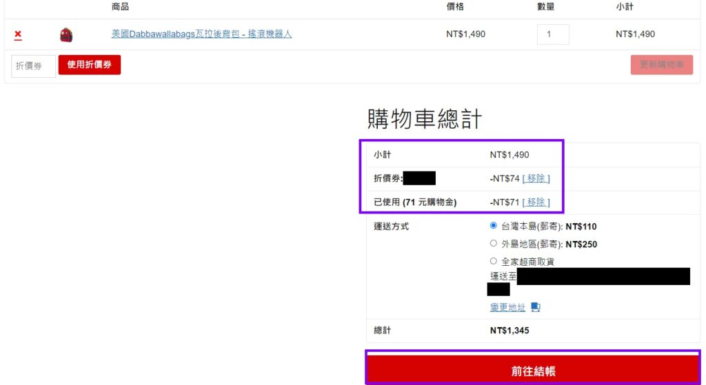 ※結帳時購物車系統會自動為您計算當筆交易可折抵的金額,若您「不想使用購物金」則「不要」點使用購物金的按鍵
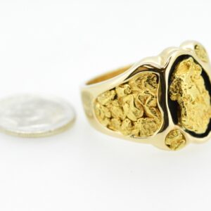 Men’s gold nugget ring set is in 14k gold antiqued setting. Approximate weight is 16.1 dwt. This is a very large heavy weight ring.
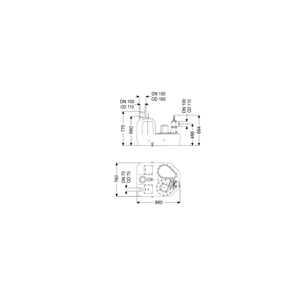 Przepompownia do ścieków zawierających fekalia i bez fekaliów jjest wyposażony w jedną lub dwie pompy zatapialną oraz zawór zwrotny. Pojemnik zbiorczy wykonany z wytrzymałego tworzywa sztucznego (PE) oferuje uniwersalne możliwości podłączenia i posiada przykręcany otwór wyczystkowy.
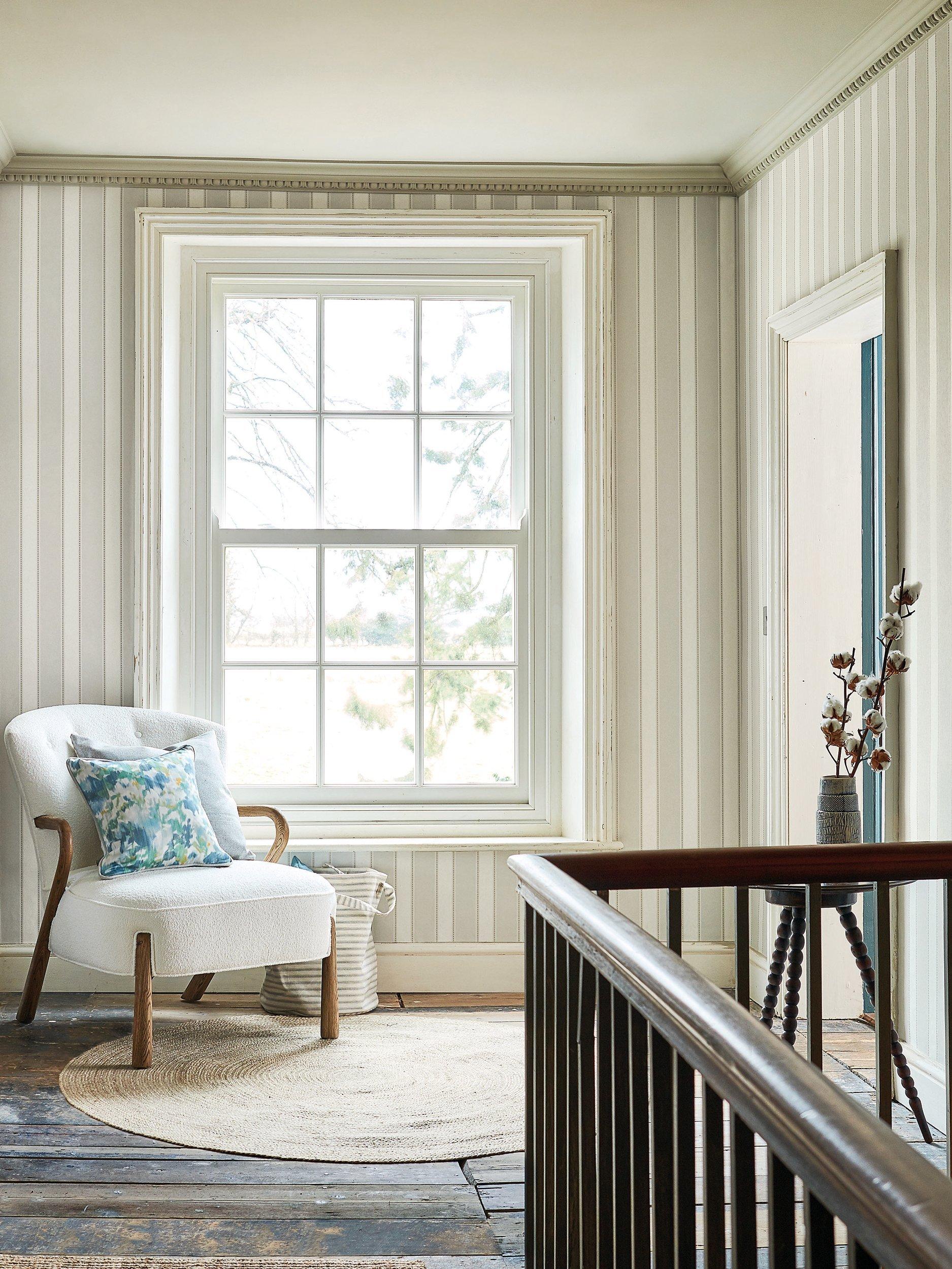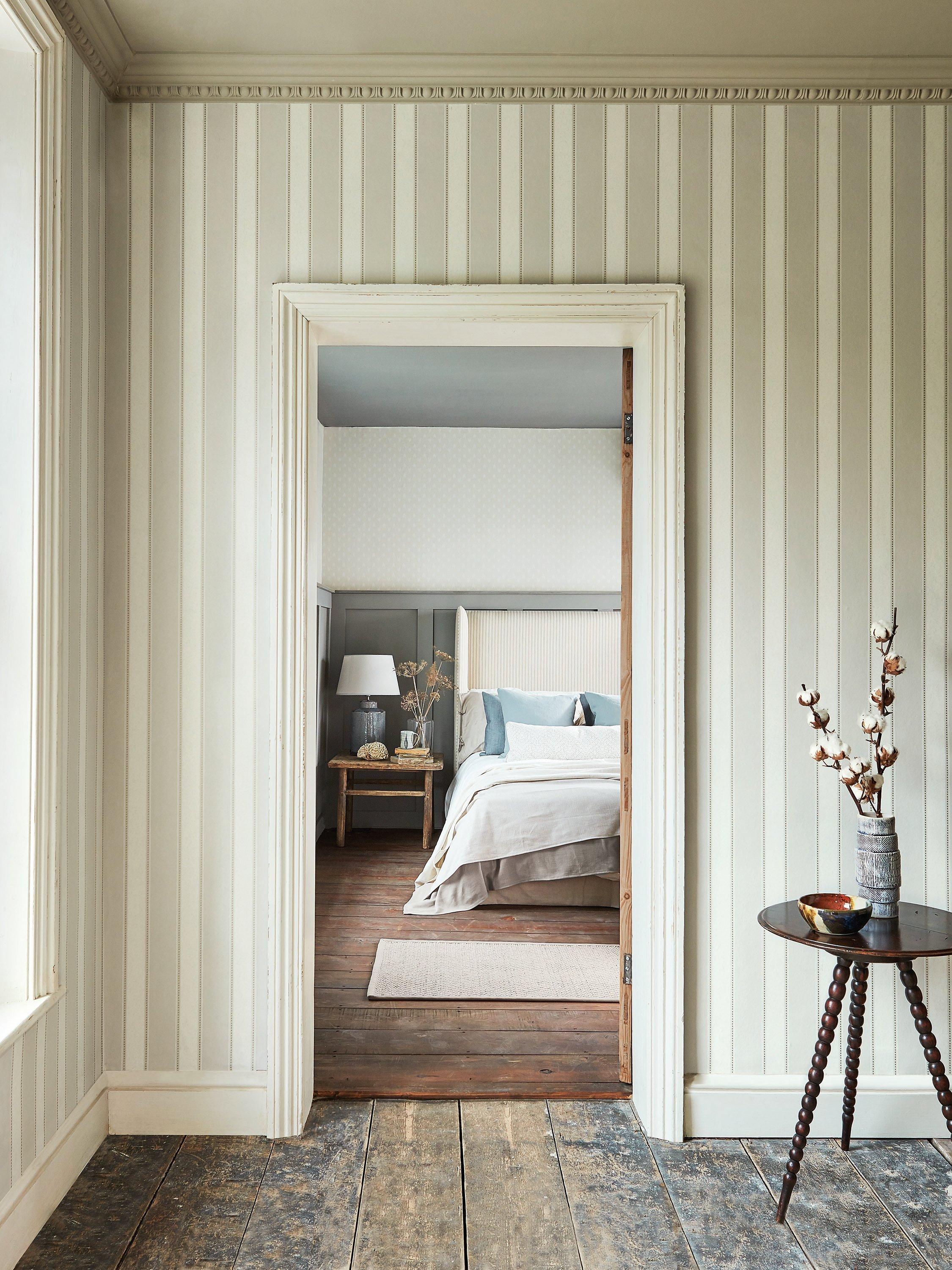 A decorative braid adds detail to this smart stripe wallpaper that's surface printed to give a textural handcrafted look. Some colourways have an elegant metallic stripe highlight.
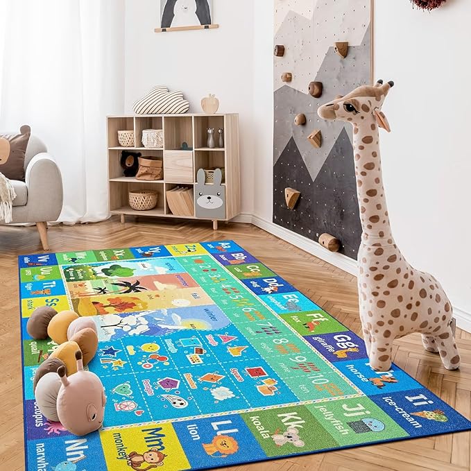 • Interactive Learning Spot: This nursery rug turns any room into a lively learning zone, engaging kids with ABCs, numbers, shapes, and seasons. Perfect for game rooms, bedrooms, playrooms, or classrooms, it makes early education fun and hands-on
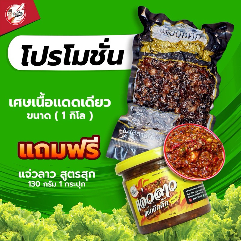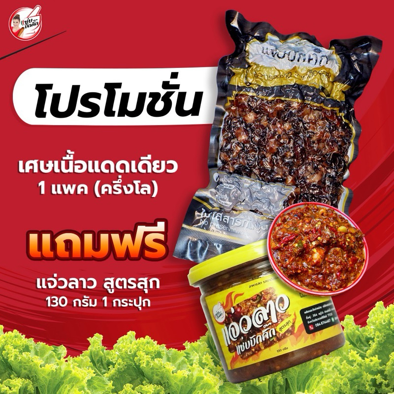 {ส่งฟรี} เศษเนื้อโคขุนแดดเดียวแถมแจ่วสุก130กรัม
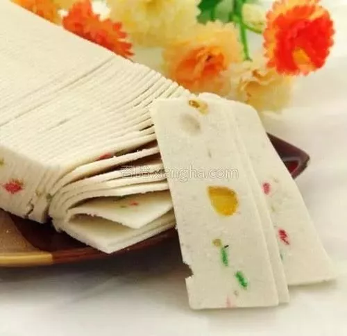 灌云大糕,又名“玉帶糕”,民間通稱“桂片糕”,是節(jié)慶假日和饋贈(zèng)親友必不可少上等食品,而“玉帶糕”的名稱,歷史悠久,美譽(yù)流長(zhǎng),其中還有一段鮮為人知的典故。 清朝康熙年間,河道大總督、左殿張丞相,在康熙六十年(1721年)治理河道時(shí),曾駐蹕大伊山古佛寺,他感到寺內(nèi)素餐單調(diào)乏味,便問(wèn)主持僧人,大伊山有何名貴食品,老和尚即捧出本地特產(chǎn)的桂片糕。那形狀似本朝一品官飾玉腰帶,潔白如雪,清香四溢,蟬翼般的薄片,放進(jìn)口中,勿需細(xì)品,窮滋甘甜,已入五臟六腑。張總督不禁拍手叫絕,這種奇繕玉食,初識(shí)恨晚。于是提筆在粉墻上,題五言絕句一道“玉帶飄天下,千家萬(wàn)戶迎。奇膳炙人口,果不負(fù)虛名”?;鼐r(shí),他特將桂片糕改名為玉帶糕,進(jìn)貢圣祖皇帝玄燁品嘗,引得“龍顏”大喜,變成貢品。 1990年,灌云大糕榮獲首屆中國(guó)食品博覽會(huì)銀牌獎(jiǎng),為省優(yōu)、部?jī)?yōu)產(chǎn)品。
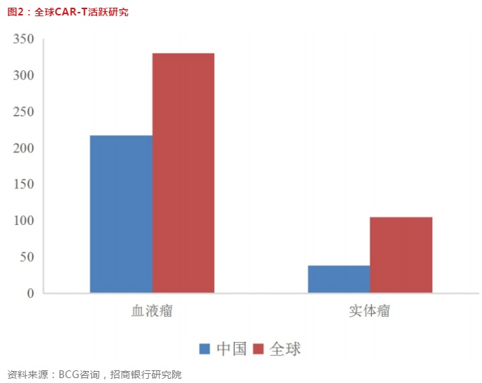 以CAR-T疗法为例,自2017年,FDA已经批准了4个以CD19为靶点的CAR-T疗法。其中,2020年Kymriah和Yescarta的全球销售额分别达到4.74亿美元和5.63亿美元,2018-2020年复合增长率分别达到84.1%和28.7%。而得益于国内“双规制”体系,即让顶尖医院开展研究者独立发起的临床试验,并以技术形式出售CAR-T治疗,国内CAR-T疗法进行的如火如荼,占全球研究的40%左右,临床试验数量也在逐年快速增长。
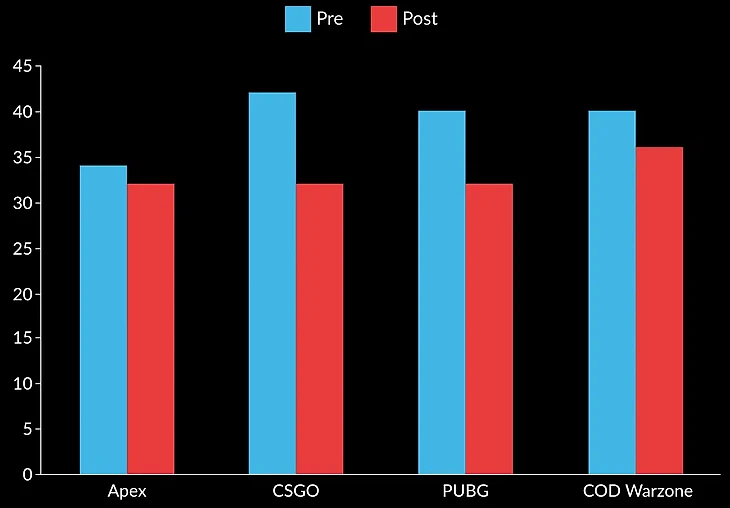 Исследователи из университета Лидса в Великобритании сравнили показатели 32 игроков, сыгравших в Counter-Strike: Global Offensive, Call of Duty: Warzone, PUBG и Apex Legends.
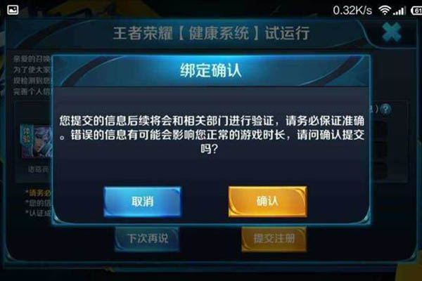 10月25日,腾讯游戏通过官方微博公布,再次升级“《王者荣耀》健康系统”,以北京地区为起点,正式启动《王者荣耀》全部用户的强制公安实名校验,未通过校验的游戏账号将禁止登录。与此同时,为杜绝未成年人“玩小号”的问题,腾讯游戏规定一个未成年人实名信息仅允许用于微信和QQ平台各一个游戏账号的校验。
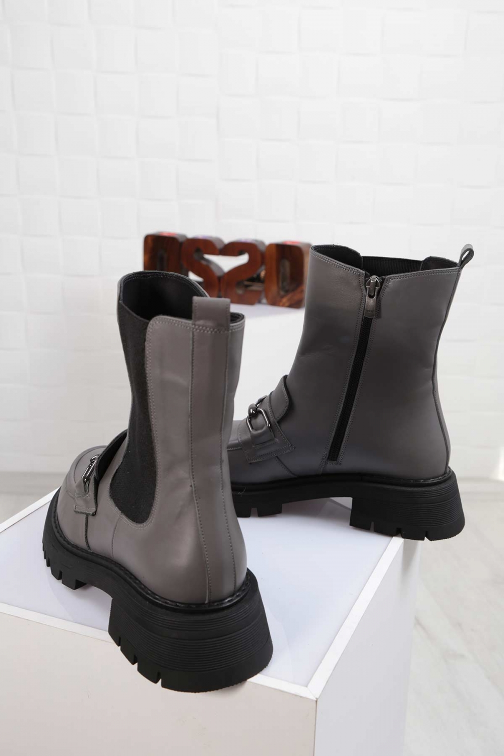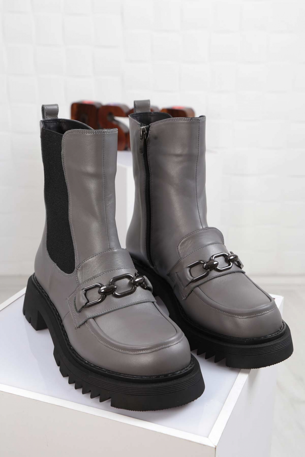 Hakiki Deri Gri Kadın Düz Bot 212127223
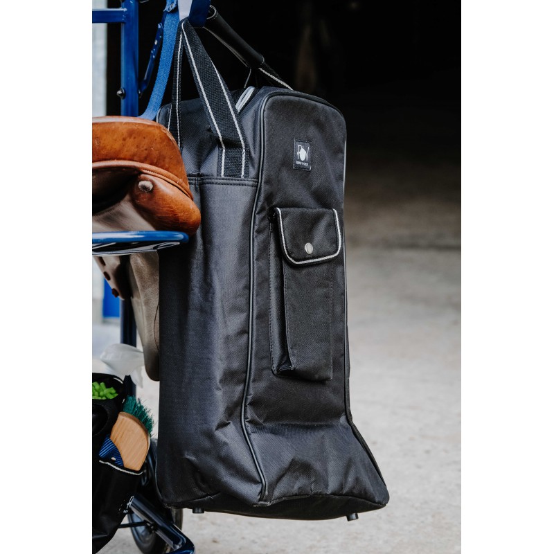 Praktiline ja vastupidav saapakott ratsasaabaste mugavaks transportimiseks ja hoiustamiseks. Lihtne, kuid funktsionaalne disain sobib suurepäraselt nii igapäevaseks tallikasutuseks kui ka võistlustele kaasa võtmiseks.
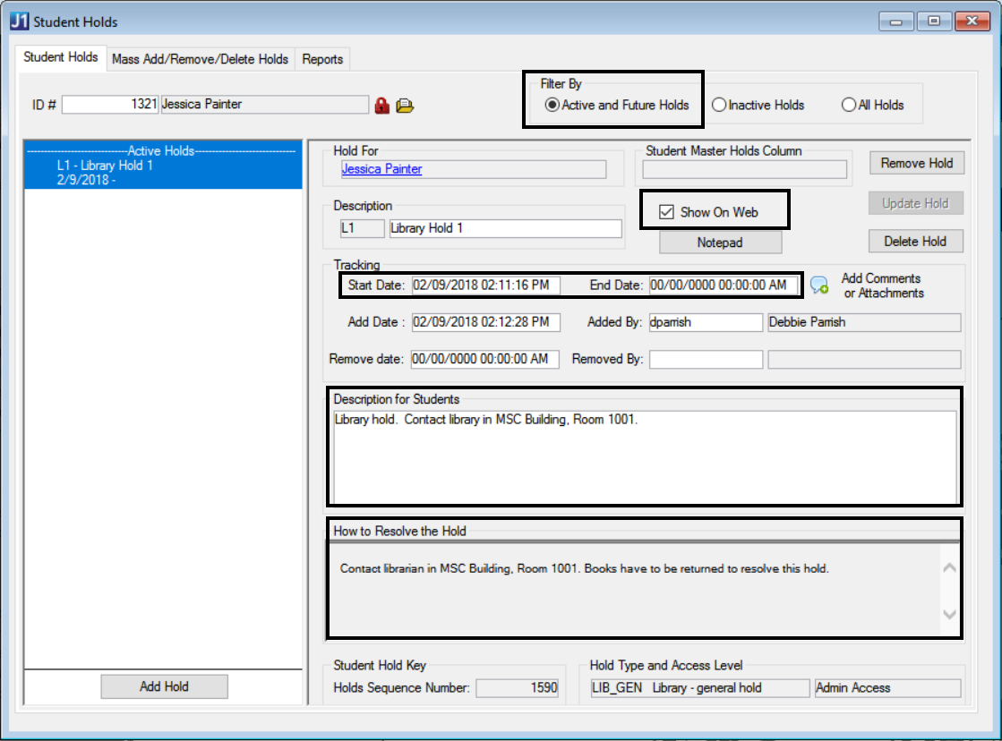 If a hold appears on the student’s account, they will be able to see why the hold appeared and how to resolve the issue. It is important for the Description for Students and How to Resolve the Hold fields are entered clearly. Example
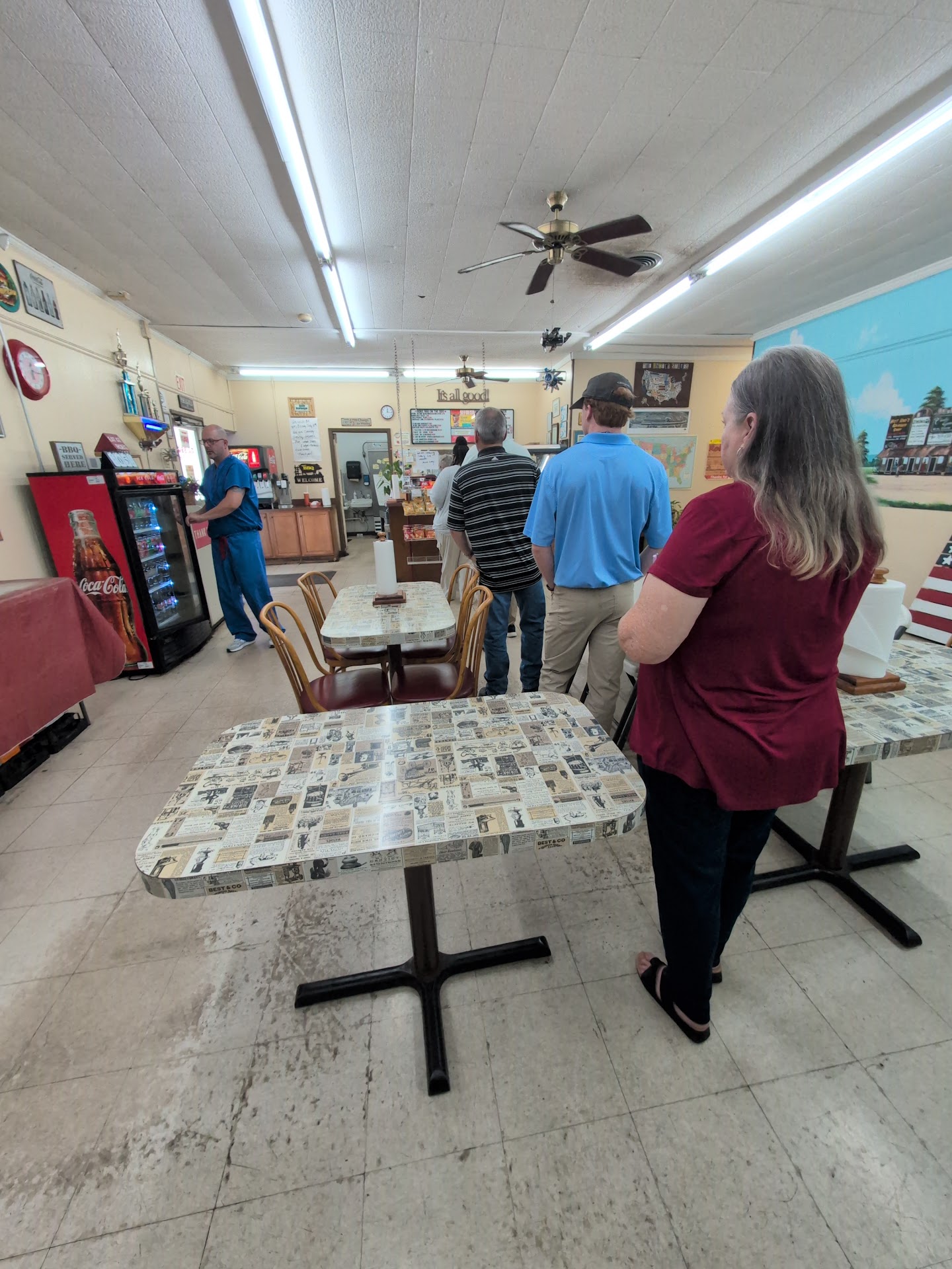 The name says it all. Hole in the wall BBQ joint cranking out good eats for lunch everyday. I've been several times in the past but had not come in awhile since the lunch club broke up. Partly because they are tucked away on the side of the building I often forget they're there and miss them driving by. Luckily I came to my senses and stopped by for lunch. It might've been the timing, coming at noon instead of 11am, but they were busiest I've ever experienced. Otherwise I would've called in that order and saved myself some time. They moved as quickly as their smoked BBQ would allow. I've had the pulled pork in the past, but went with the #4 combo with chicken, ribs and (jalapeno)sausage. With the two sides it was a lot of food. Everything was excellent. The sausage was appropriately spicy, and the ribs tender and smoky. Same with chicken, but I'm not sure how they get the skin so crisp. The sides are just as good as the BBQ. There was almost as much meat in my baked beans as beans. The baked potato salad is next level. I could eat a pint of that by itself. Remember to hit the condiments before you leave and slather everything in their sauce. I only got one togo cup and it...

--

### Instructions for the task
Please reproduce the entries above exactly, from their first line to the line holding "Men’s gold nugget" inclusive, and nothing else; the pictures stay out.

### Answer section
 ※結帳時購物車系統會自動為您計算當筆交易可折抵的金額,若您「不想使用購物金」則「不要」點使用購物金的按鍵
 Men’s gold nugget ring set is in 14k gold antiqued setting. Approximate weight is 16.1 dwt. This is a very large heavy weight ring.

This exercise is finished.